Hierarchical Demand Forecasting Benchmark for the Distribution Grid
This dataset contains power measurements and meteorological forecasts relative to a set of 24 power meters located in Rolle (Switzerland). These datasets are published to provide a standard benchmark for evaluating forecasting algorithms for demand side management applications.
In L.Nespoli, V. Medici, K. Lopatichki, F. Sossan, Hierarchical Demand Forecasting Benchmark forthe Distribution Grid, arXiv, 2019, this dataset is used to test several regressors in predicting the 24 hours ahead electrical load.
This dataset consists of measurements coming from 62 IEC 61000-4-30 Class A power quality meters manufactured by DEPsys (Switzerland) installed in secondary substations and LV cabinets of the distribution grid of the city of Rolle (Switzerland). The dataset has been enriched with numerical weather predictions from commercial provider Meteoblue (Switzerland), updated every 12 hours.
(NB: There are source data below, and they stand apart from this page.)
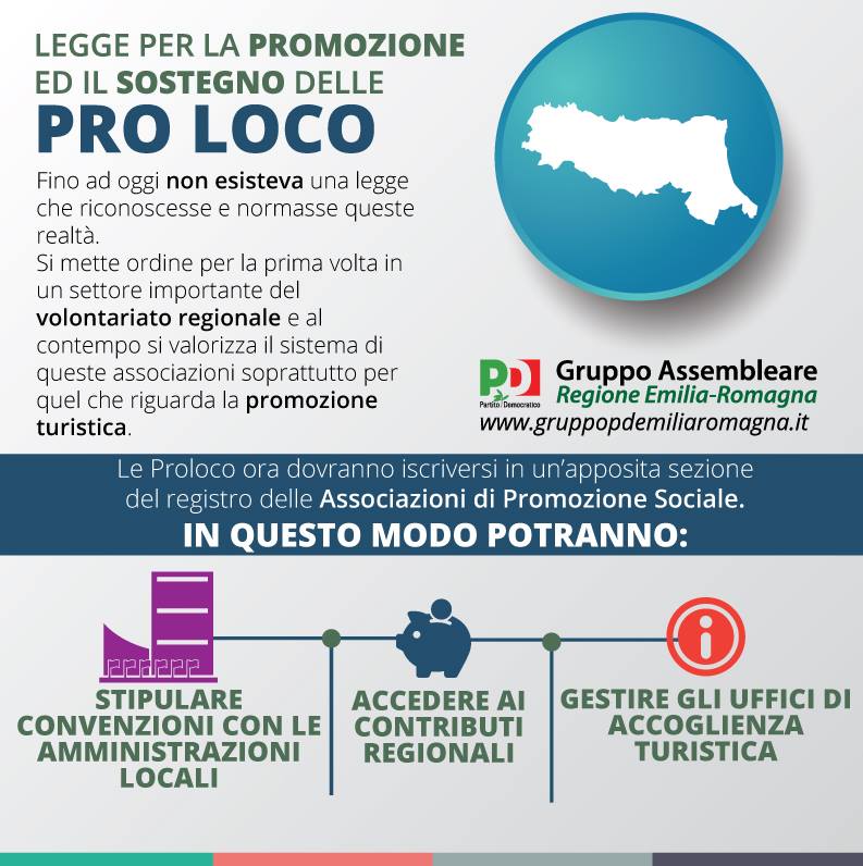 Oggi è finalmente diventato legge regionale il provvedimento sulle Pro Loco di cui sono primo firmatario, punto di arrivo peraltro di un lavoro che è iniziato nello scorso mandato dalla consigliera Paola Marani e a cui hanno collaborato diversi colleghi di maggioranza e di opposizione, che ringrazio. L’Assemblea Legislativa ha approvato la legge oggi, 22 marzo, a larghissima maggioranza col voto favorevole di PD, Lega, SEL, FI, FDI, AER e l’astensione del M5S.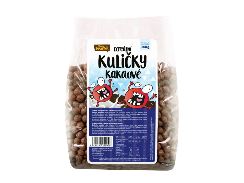 Cereální kakaové kuličky jsou extrudované cereálie určené k přímé konzumaci, s vyšším obsahem vlákniny, vhodné pro děti od 3 let věku.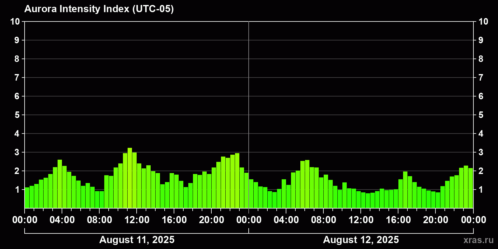 Auroral intensity index and the theoretically possible latitude of observations for nighttime in the Western Hemisphere as of 2025-08-12 23:52 (end of day) local time

The power measurements are provided as a pickle dataset, which includes:
For each phase:
- mean active and reactive power
- voltage magnitude
- maximum total harmonic distortion (THD)
- voltage frequency \(\omega\)
- the average power over the three phases.
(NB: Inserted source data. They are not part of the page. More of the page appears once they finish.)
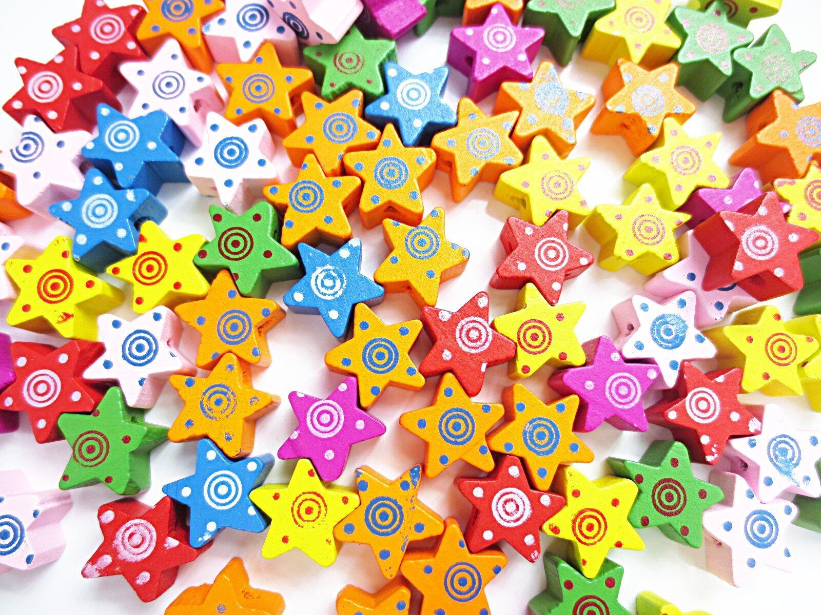 お得 100個セット カラフルMIX 可愛い星形 ウッドビーズ 15mm 木製 アクセサリー材料 ハンドメイドパーツ ヒューイ雑貨
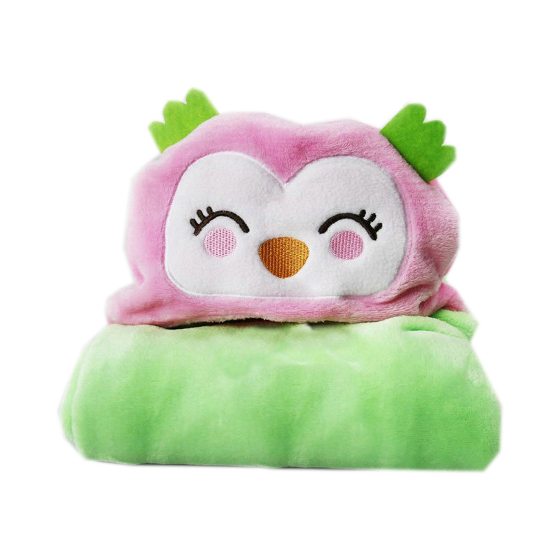 Βρεφική fleece κουβερτούλα με κουκούλα σε σχήμα κουκουβάγια από την εταιρεία Morven. Έχει ροζ-λαχανί χρώμα με εκρού-μαύρες λεπτομέρειες. Σύνθεση από 100% πολυεστερικό ύφασμα με απαλό και ζεστό άγγιγμα. Ιδανική για τους χειμερινούς μήνες.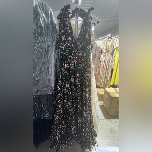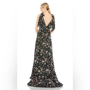 Mac Duggal 50657 NWT Floral Printed Bow Tie Detailed Ruched Waistband Dress
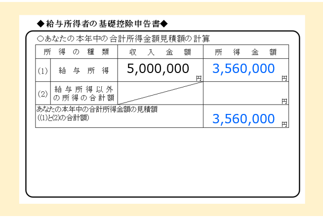 給与収入が5,000,000円の場合、給与所得は3,560,000円となります。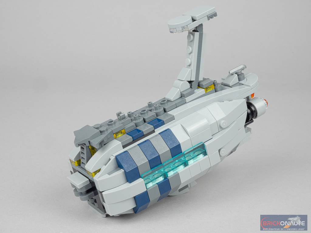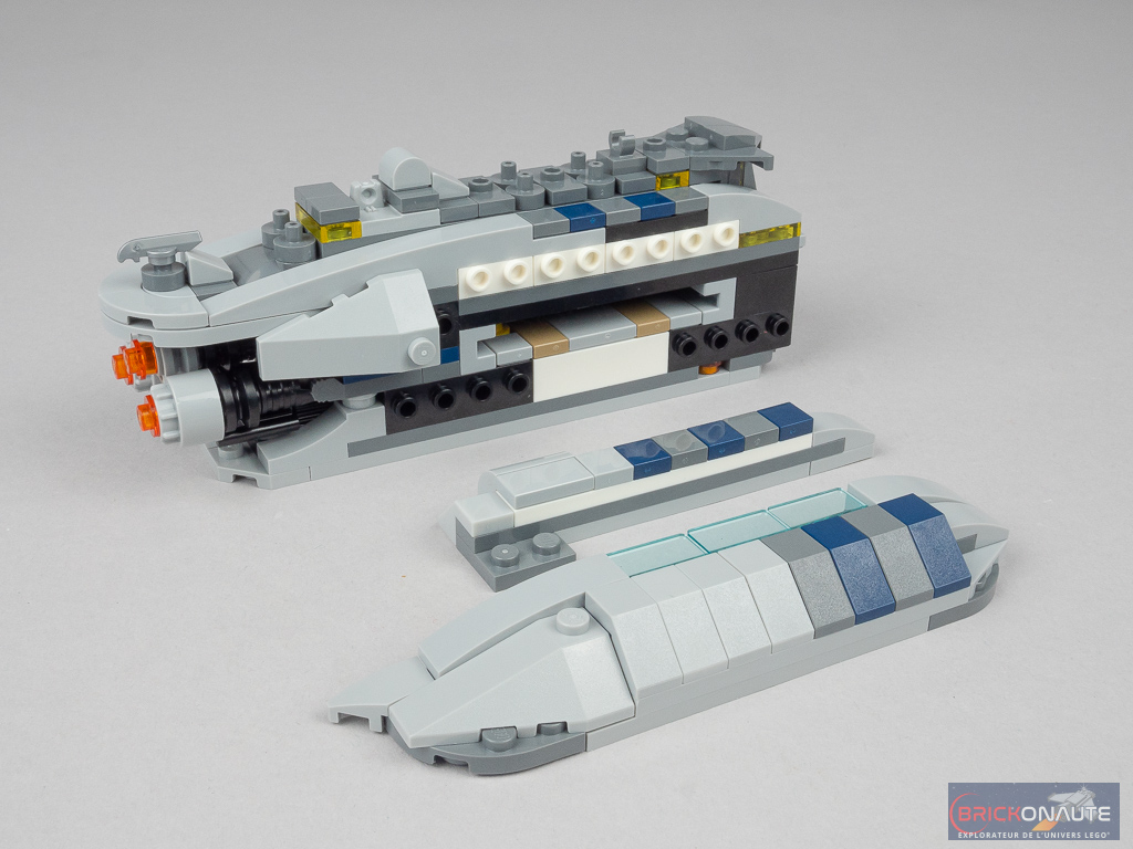 L’expérience de construction est digne de ce qu’on attend de ce type de sets, avec ce qu’il faut de « techniques » de construction. Petit détail qui a son importance, tout comme dans le film où le vaisseau termine en deux morceaux (pour que seule la partie avant « atterrisse » en catastrophe sur Coruscant), il est ici possible de le séparer en deux, les deux moitiés étant attachées ensemble par des clips. Et malgré cette solution, l’ensemble reste plutôt robuste – entendez par là que le nez ne risque pas de tomber sous son propre poids malgré les manipulations.

The latter one has been used as target variable in the aforementioned paper.
The meteorological forecasts are provided as a Hierarchical Data Format 5 file, which includes:
- global horizontal and normal irradiance (GHI and GNI, respectively)
- relative humidity (RH)
- wind speed and direction.
How to read the files with Python
The following code allows to open the files in python
import pandas as pd nwp_data = pd.read_hdf("nwp_data.h5","df") power_data = pd.read_pickle("power_data.p")
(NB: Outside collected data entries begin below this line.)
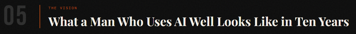 Imagine a 25-year-old who decides today that he will use AI as a forge, not a comfort. He uses it to design a serious training program — he gets strong, joins a powerlifting club, makes friends who respect effort. He uses it to accelerate a side business — he builds something real, finds partners, earns trust in a network of builders. He uses it to read more deeply, argue more clearly, and think more rigorously — he becomes the man other men want to debate and drink with. He uses it to plan expeditions — he spends weekends in the wilderness, accumulates stories worth telling, earns the respect of men who have tested themselves against nature.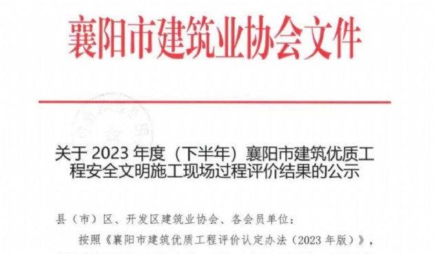近日,襄陽市建筑業(yè)協(xié)會表彰通報了2023年度襄陽市建筑工程“隆中杯”獎(市優(yōu)質(zhì)工程)評價結(jié)果,其中,漢江城建承建的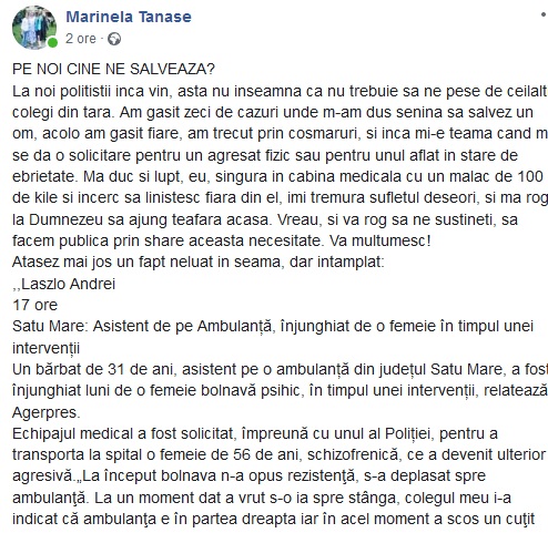 ”La noi politistii vin, asta nu inseamna ca nu trebuie sa ne pese de ceilalti colegi din tara. Am gasit zeci de cazuri unde m-am dus senina sa salvez un om, acolo am gasit fiare, am trecut prin cosmaruri, si inca mi-e teama cand mi se da o solicitare pentru un agresat fizic sau pentru unul aflat in stare de ebrietate. Ma duc si lupt, eu, singura in cabina medicala cu un malac de 100 de kile si incerc sa linistesc fiara din el, imi tremura sufletul deseori, si ma rog la Dumnezeu sa ajung teafara acasa. Vreau, si va rog sa ne sustineti, sa facem publica prin share aceasta necesitate. Va multumesc!

The nwp_data is a pandas DataFrame of arrays. Each column, whose name is self explanatory, represent a set of 24 hours forecasted meteorological variable. These represents the most recent forecasts available from the NWP service at the respective time index of the dataset.
The power_data is a dict of pandas DataFrame. The each value of the dict, whose key is self explanatory, contains a DataFrame whose columns are the name of the meter they refers to. The DataFrame 'P_mean' additionally contains 6 fictitious aggregations of the phase-mean power of the meters, 'S1', 'S2', 'S11', 'S12', 'S21', 'S22', and 'all', which represents the sum of all the meters. The hierarchical structure of the aggregations is the following one:
all __|__ | | S1 S2 _|_ _|_ | | | | S11 S12 S21 S22
S11 contains the first quarter of the time series presented in the dataset, while S12,S21,S22 contain the second, third and fourth quarter of the time series, respectively.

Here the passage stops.